= C.W. Shumway & Sons =

Foundry in Batavia, Illinois, US

C.W. Shumway & Sons was a foundry operational in Batavia, Illinois, from 1872 to 2002. It produced metal castings for various industrial uses and for awards, including the Emmy Award, Academy Awards, and the Vince Lombardi Trophy. The company was closed in 2002 due to changing market demands. At the time of its closure, it was one of the oldest foundries in the United States.

==History==
Founded in 1872, the company was founded by Charles W. Shumway in response to a need for castings due to the destruction of the Great Chicago Fire the year before. After taking on A.N. Merrill as a partner, who then soon retired, he soon partnered with Charles Osgood to form the Osgood and Shumway Foundry Co.. Over the years, various partners joined and left the company, and the company took its final name in 1904 after his second son joined the family.

The first products that the company made were exclusively of iron, including iron pillars for buildings. In 1895, it started producing castings for furnaces, water heaters, sewing machines, and other kinds of machines.
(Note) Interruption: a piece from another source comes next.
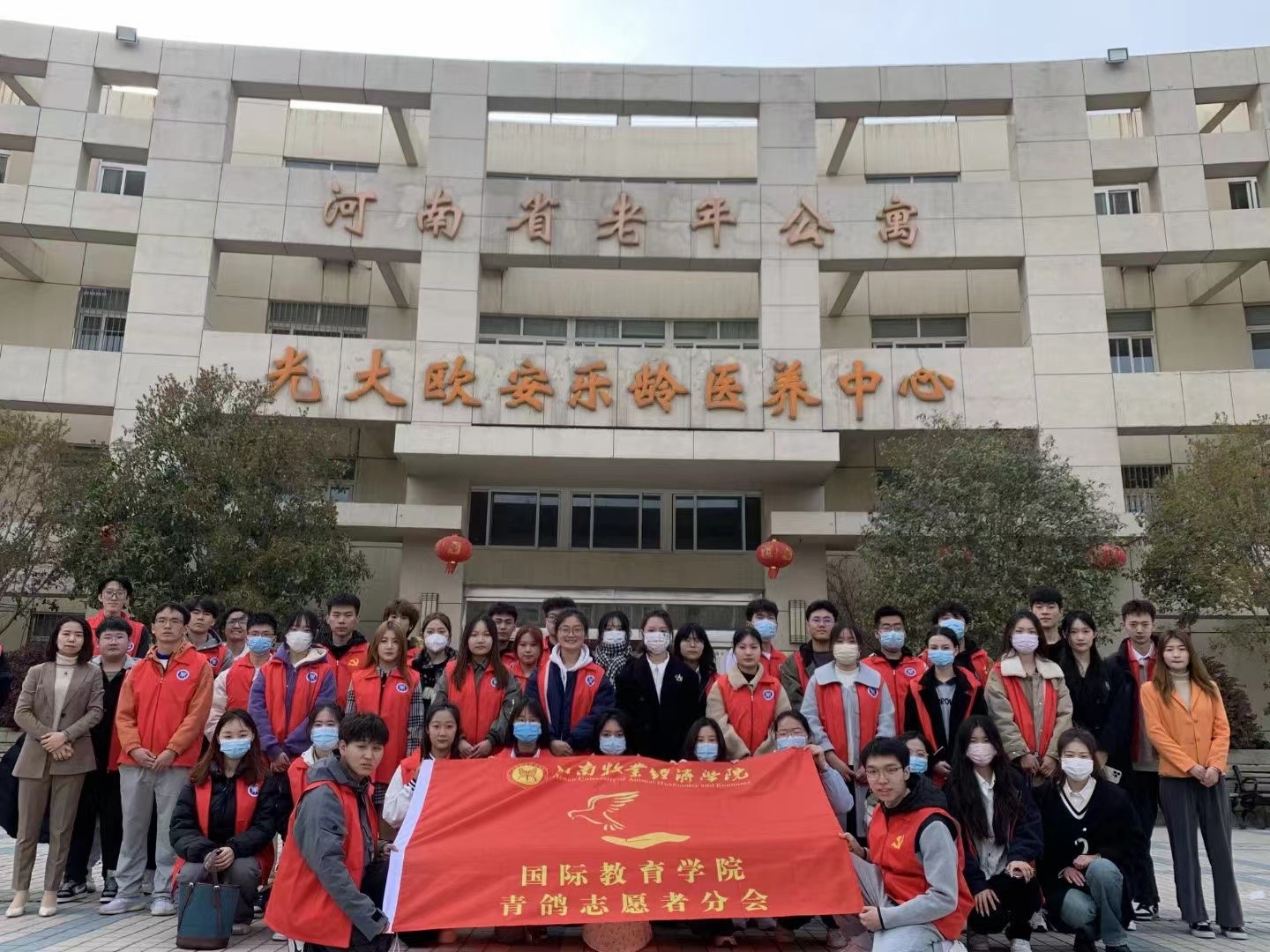 为引导广大青年学生传承中华优良传统,崇尚尊老、敬老、助老的新风,弘扬志愿服务精神,3月18日,bat365在线中国官网登录入口团学会生活权益部在河南省老年公寓开展了“爱驻夕阳,关爱老人”的志愿服务活动。bat365在线中国官网登录入口青鸽志愿者分会在全院范围内进行招募,组成了43人的志愿者队伍,大家怀着诚挚之心参与到活动中去,给予了老人呵护与关怀。
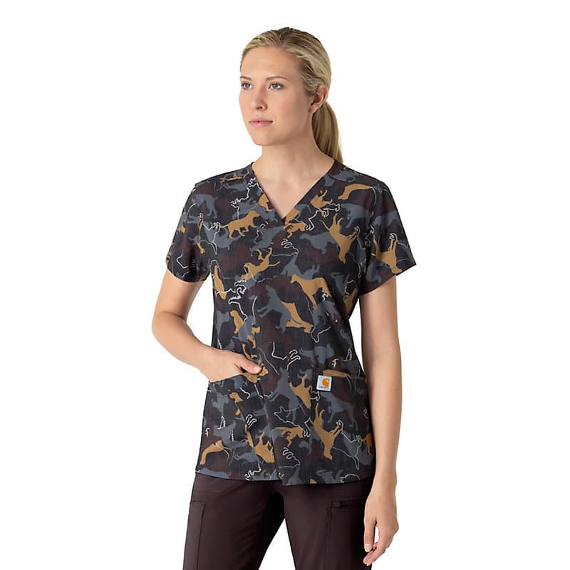 The Carhartt Women's V-Neck Print scrub top stays with the trend offering new and exciting prints scrub tops. This style offers all of the extras you expect from Carhartt with rugged durability yet a comfortable scrub top from a brand you can trust. The Polyester blend fabric offers lasting comfort and style while the pockets keep you organized and prepared for the task at hand.

By 1920, the company diversified into making ventilators, chimney clean-out doors, grates, and other products.

In 2002, the foundry was closed due to changing trends in the market, including the increased use of precision casting. The foundry's buildings were demolished in 2007.

==Major awards produced==
From 1928 to 1982, the company cast the Oscar statuette for the Academy Awards. In 1983, R.S. Owens & Company took over casting of the award. The trophies each took between three and four weeks to produce, and weighed 8.5 lb. Additionally, the company helped to cast the Vince Lombardi Trophy, which was then finished by Tiffany & Co.